Why Yes, The IRS CAN Use Private Debt Collectors

Taxpayers who have so far managed to stay hidden from the IRS despite owing unpaid taxes to the federal government can now be targeted by private debt collectors. This practice started in the Spring of 2017.
Congress has mandated that the Internal Revenue Service (“IRS”) begin using private companies to collect delinquent tax debts. The new law (passed under Section 32102 of Fixing America’s Surface Transportation Act) took effect in December 2015, and the IRS began implementing the new procedures in the spring of 2017. Private debt collectors will be assigned to certain types of cases – generally, those that the IRS is no longer pursuing.

The main criteria to assign a case to a private debt collector are that (1) the IRS has labeled the case “inactive” due to a lack of resources or inability to find the taxpayer, (2) no IRS agent is assigned to collect the debt, and (3) more than one-third of the 10-year collection statute of limitation period has passed.

This means that the private debt collectors will be going after those “missing” or otherwise non-responsive taxpayers that haven’t been contacted by or in recent communication with the IRS regarding their tax liability.

The four companies that the IRS assigns cases to are: Conserve (based in Fairport, New York), Pioneer (Horseheads, N.Y.), Performant (Livermore, Calif.), and CBE Group (Cedar Falls, Iowa). Certain types of accounts will not be assigned to these companies, such as those involving taxpayers who are victims of tax-related identity theft, taxpayers under the age of 18, or accounts classified as innocent spouse cases.
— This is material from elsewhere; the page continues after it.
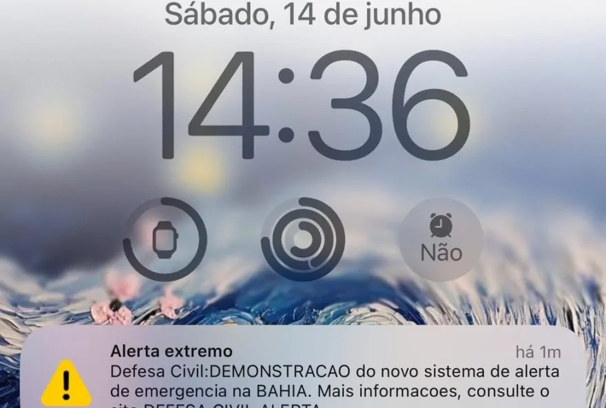 A Defesa Civil emitiu, na tarde deste sábado (14), a primeira mensagem do novo Sistema de Alerta. Em Salvador, a mensagem foi recebida pela população através de SMS, às 14h36, e foi acompanhada de um alerta sonoro. O Governo Federal já havia informado que o Sistema de Alerta seria acionado para um teste a partir das 12h. O presidente Luiz Inácio Lula da Silva participou do evento, que aconteceu no Centro Nacional de Gerenciamento de Riscos e Desastres (Cenad), em Brasília, no Distrito Federal. Segundo o Governo federal, o alerta será enviado neste sábado para Salvador e outras 35 cidades do Nordeste. A iniciativa tem como objetivo preparar a população para o início da operação oficial do sistema na região, prevista para 18 de junho. Com o novo sistema, a Defesa Civil quer prevenir desastres, orientando que as pessoas saiam das zonas de risco a tempo.
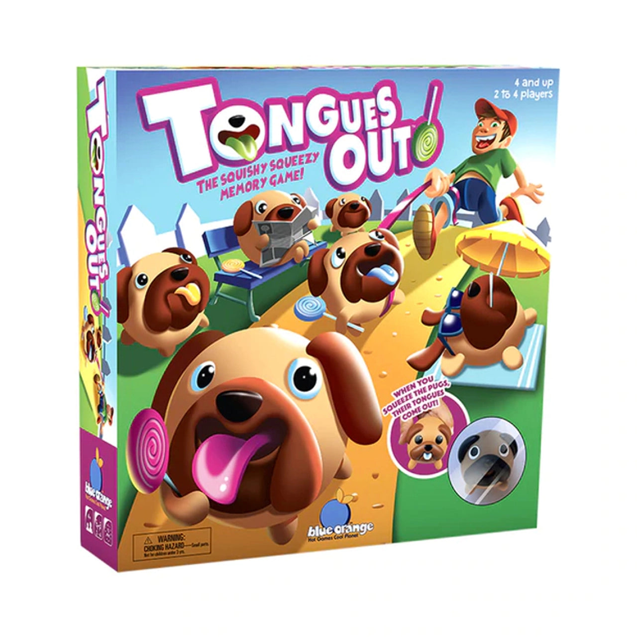 Tongues Out! is a game about pugs who ate all the lollipops. The lollipops dyed their tongues different colors, and it's up to players to figure which dog ate which lollipop. The first player to match six lollipops to the appropriate pugs' tongues wins the game.

A full list of the types of accounts that the IRS will not assign out to private collection agencies is provided on the IRS’s website.

For those accounts that are assigned to private debt collectors, there are some very important things taxpayers should understand about the new procedures.
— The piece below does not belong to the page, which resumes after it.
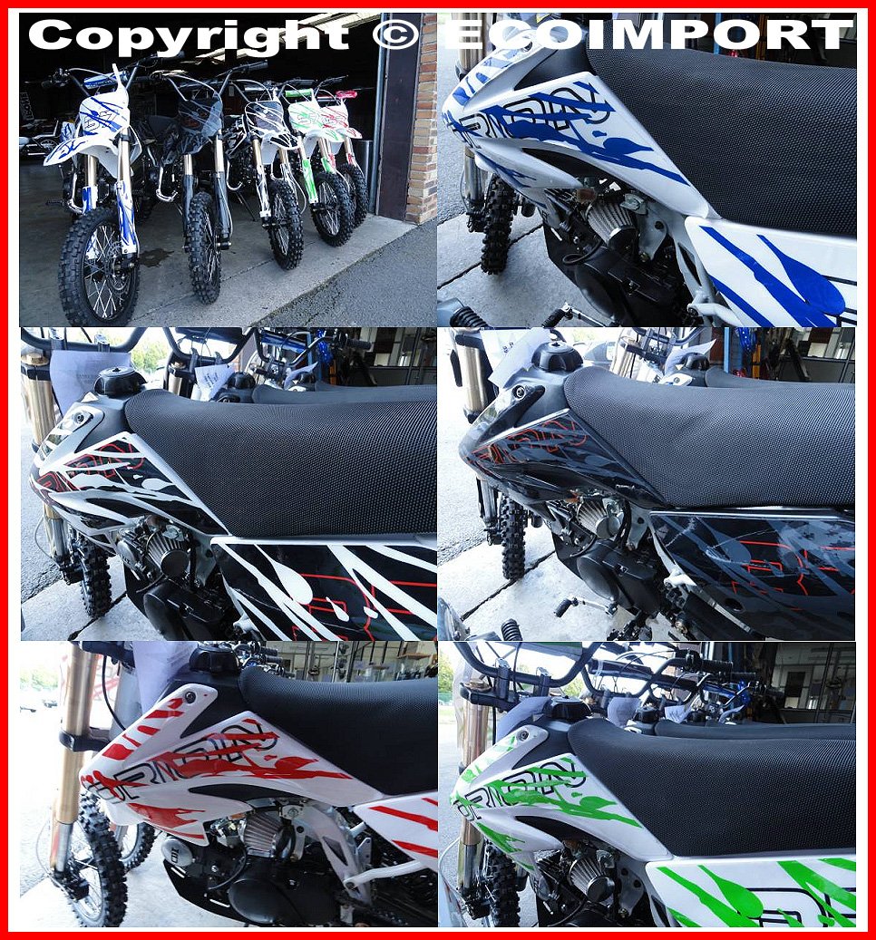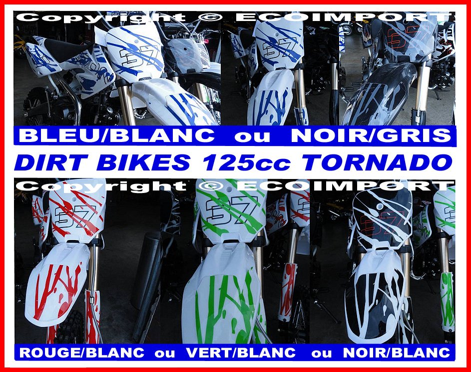 ( AUTRE PHOTOS + VIDEO EN BAS DE PAGE ) DIRT BIKE 125cc TORNADO RACING NOUVEAU Modèle ! FICHE TECHNIQUE DIRT BIKE 125 TORNADO RACIING : NOUVEAU MOTEUR HAUT DE GAMME : LIFAN 125cc NOUVEAU CADRE CROSS RENFORCE + ECHAPPEMENT SPORT + NOUVEAU GUIDON RACING PRO !!! Bras oscillant renforcé = ROBUSTE !!! Nouveau cadre poutre acier renforcé Pour Freestyle et sauts !!! Suspension avant = fourche hydraulique inversée + ressort renforcé Suspension arrière = amortisseur réglables FAST ACE Freins Hydrauliques avant + Freins Hydrauliques arrière Doubles pistons avec des durites de type aviation! > Démarrage au kick + protection de chaine Embrayage = Manuel / Transmission = 4 rapports (N-1-2-3-4) Carburation : mikuni 26mm / Bougie NGK Chaine KMC Sabot moteur ALU WBL / Pneus cross 12"/14" QINGDA Roue avant 14" avec moyeux racing rayon renforcé! Roue avant 12" avec moyeux racing rayon renforcé! Livré avec Kit déco autocollants ! SUPER QUALITE + LOOK COMPETITION ! Dirt bike moto cross (non homologué route) CE VEHICULE EST REGLEMENTAIRE AUX NORMES CEE DE SECURITE

First: Private debt collectors do not have enforcement authority. They cannot file liens or issue levies. However, this means also that they cannot help to resolve those matters, either.
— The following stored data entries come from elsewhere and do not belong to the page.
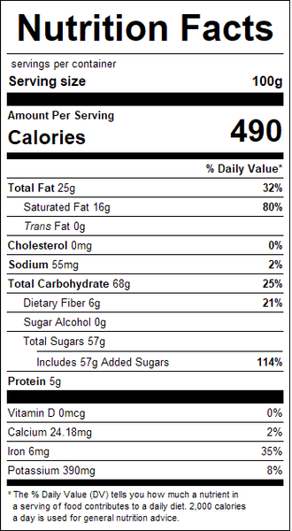 "ingredients": "Sugar, Unsweetened Chocolate, Cocoa Butter, Soy Lecithin (an emulsifier), Vanilla Extract.May contain milk.",
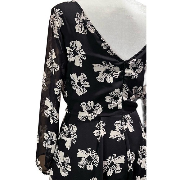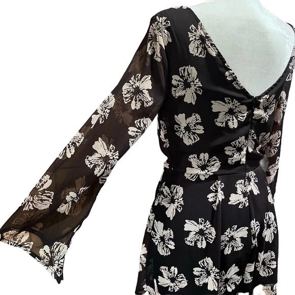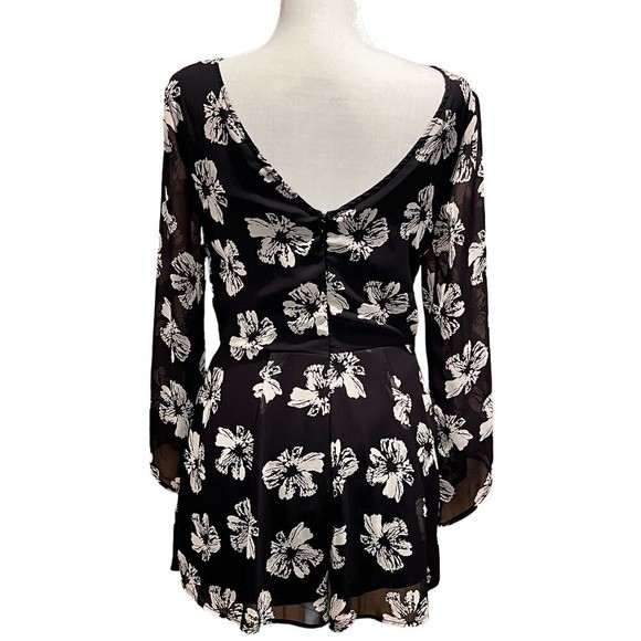 ANGL Black White Floral Long Sleeve Romper V-Back Size M (G262) Measurements ( garment laid flat) Pit to pit/ Bust in inches: 17" Waist: 14" Length in inches, starting from the shoulder: 29" Keywords: Floral, Romper, Long Sleeve, Sheer Sleeves, V-Back, Black and White, Monochrome, Summer, Spring, Festival, Boho, Casual, Party, ANGL, Medium
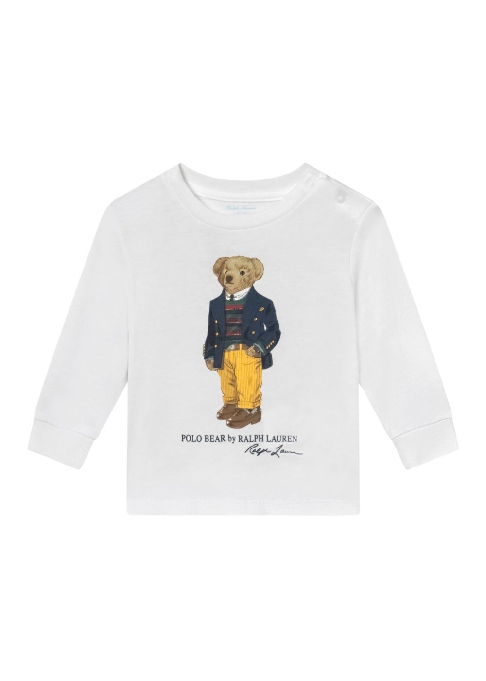 Su questa maglietta in jersey di cotone, la mascotte di Ralph Lauren indossa pantaloni gialli e una giacca blu stile vintage. Dettagli Cotone. Lavabile in lavatrice. Vestibilitร  regolare Scollo arrotondato. Bottoncini sul collo Maniche lunghe. Polo Bear e scritte “Polo Bear by Ralph Lauren” e “Ralph Lauren” stampati al centro sul davanti. Importato.
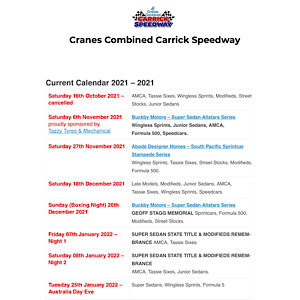 Download Carrick Speedway Calendar (Draft) for season 2021/2022

Second: Taxpayers still can (and in many cases, will need to) contact the IRS directly to resolve their tax debt or to negotiate a collection alternative even though contacted initially by a private debt collector.

Lastly and very importantly: The IRS will notify each taxpayer whose case has been assigned before a private debt collector will be permitted to contact the taxpayer. Private debt collectors also will be required to send their own letters before directly calling taxpayers. This procedure will be implemented in large part as an attempt by the IRS to prevent possible confusion by taxpayers, as well as to try to mitigate the increased potential for imposter schemes.

Several serious concerns have been raised regarding whether taxpayers’ information will be properly safeguarded and how taxpayers will be able to verify that they are speaking to an authorized representative. The IRS has increased its efforts over recent years to make clear how it does, and does not, communicate with taxpayers. Still, it’s becoming increasingly difficult for both taxpayers and tax practitioners to identify many of the scams and IRS impersonators. For example, the IRS published an article on September 22, 2016, warning of yet another scam in which fake CP2000 notices were being sent to taxpayers, but this time with an “IRS address” that appeared authentic except for an incorrect P.O. Box number. The IRS’s National Taxpayer Advocate has published its concerns that the new practice will be harmful both to taxpayers and to tax administration. This will be the third attempt to utilize private companies to collect delinquent federal tax debts after similar programs were scrapped in 1997 and 2009.